A ideia que só é engatilhada pela peça La Ronde de Arthur Schnitzler e não adaptada dela, mostra como uma prostituta de “boas intenções” eslovaca atrapalha a vida de um casal em Londres, que influencia em dois brasileiros que moram lá, que por sua vez influenciam em um homem a procura de sua filha, que por sua vez influencia na decisão sobre o fim do casamento de uma espanhola com um russo que vivem em Paris e com isso influencia a vida da mesma prostituta eslovaca. Esse círculo fechado mais a idéia da impulsividade ou hesitação quanto às bifurcações da vida são o foco principal da trama que é bem fechada em seus protagonistas, que são todos os personagens em tela.

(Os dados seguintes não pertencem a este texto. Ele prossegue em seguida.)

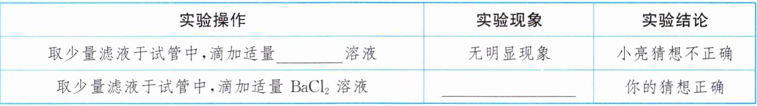 【作出猜想】小红:是$NaCl$。小亮:是$NaCl$、$BaCl_{2}$。小明:是$NaCl$、$BaCl_{2}$、$Na_{2}SO_{4}$。
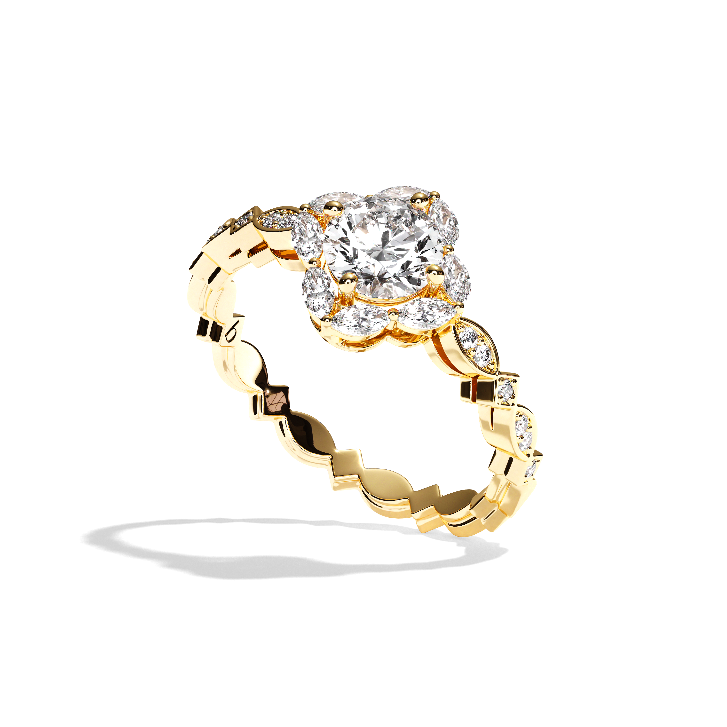 A la différence des Bagues de Fiançailles Diamants Pavées, les bagues de Fiançailles avec entourage simple ou double sont sublimées par un entourage de petits diamants. Aussi connue sous le nom de Bague de Fiançailles Halo ou Bague Solitaire Halo, cette Bague de Fiançailles apporte un éclat spectaculaire et un style luxueux.
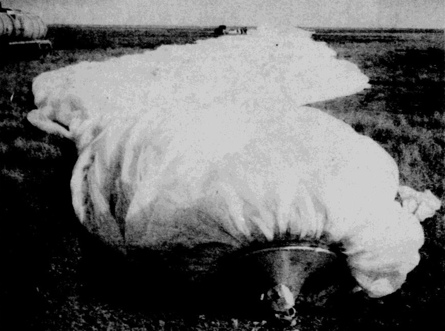The balloon flight was attempted on November 6th, 1969 from the Holloman Air Force Base in Alamogordo, New Mexico. Everything went as per schedule and procedure. The reel up of the tow balloon was uneventful. Cable drop from the transfer duct was issued and the cable and hardware smoothly dropped down. Balloon was airborne at 8:30 CST. The scientific payload was intended to reach an altitude of 108,000 feet, where it would float for roughly 24 hours, however trouble was detected when the system reached an altitude of 60,000 feet. At that moment the ascent rate of the balloon slowed down and after a few minutes it began to descend. To facilitate the descent, 47,000 pounds of ballast were jettisoned, allowing the system to lower to an altitude of 10,000 feet. From there, three 100-foot parachutes deployed, ensuring a safe landing of the 13,800-pound experiment 34 miles northeast of Roswell, New Mexico, at approximately 11:30 CST. The balloon itself touched down approximately 55 miles east of Roswell.

Assim como Walter Salles fez com Na Estrada, seria difícil com tantas histórias a serem contadas se identificar com um personagem, então Meirelles sabiamente chamou um elenco de peso para nos transmitir uma primeira empatia, nomes como Rachel Weisz, Jude Law e os arrasadores Anthony Hopkins e Ben Foster que dão um show a parte. Além dos brasileiros Juliano Cazarré e Maria Flor que estão muito bem em cena.

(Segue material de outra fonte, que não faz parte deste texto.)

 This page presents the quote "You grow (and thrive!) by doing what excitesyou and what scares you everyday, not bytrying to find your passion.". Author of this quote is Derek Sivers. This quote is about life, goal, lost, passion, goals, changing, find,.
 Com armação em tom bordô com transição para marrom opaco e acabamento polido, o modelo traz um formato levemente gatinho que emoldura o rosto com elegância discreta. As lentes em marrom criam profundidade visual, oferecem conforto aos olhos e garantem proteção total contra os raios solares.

Outros filmes como Babel, por exemplo, são muito mais ambiciosos e vazios do que 360 e não é difícil pegar a si mesmo se identificando com um personagem ou história contada ali, por mais rápida que elas sejam elas são profundas e magistralmente interpretadas. A ideia de Peter Morgan era passar um pouco da sua vida real de viagens e influencias no mundo, até mesmo Hopkins se identificou tanto com seu personagem, que interpretou a si mesmo e contou histórias da sua vida real na improvisação, como a parte do Padre e da menor reza do mundo.

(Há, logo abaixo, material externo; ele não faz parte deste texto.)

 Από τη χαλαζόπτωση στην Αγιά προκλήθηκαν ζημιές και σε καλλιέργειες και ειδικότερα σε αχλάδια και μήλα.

Filmado com a elegância de sempre, Meirelles dessa vez evita maiores arroubos visuais e se mantém no clássico, ainda que vez ou outra faça cortes rápidos e mova a câmera quase insinuando um Hand-helding. A trilha sonora também é charmosa, mas contida, demonstrando que não há muito além dos próprios personagens e história para exibir.
Outro aspecto que da um show aparte é a montagem, difícil, porém extremamente bem executada, um trabalho que se mal feito tornaria o filme incompreensível ou pelo menos complexo, mas não foi o caso aqui porque a história flui em tela com a perfeição das narrativas convencionais e isso por si só é uma grande conquista do filme.
Talvez o único pecado que o filme cometa seja inevitável, pois é proveniente de seu próprio conceito, o círculo que a história faz em torno dela mesmo, que é também um simbolismo de como as decisões de cada um voltam para si próprios. O círculo faz com que abandonemos bruscamente aqueles personagens tão expressivos em prol de seguir a história das influencias de suas escolhas em novos personagens, assim parece sempre que algo não foi contado, não foi finalizado.
Ainda que não atinja o nível emocional que poderia atingir o filme de Meirelles/Morgan tem uma construção impecável e uma ideia filosófica interessantíssima por trás das grandes interpretações, da fotografia elegante e da montagem precisa exibidas, algo que não podia ser diferente já que vieram do comando de dois dos melhores artistas do cinema em suas áreas.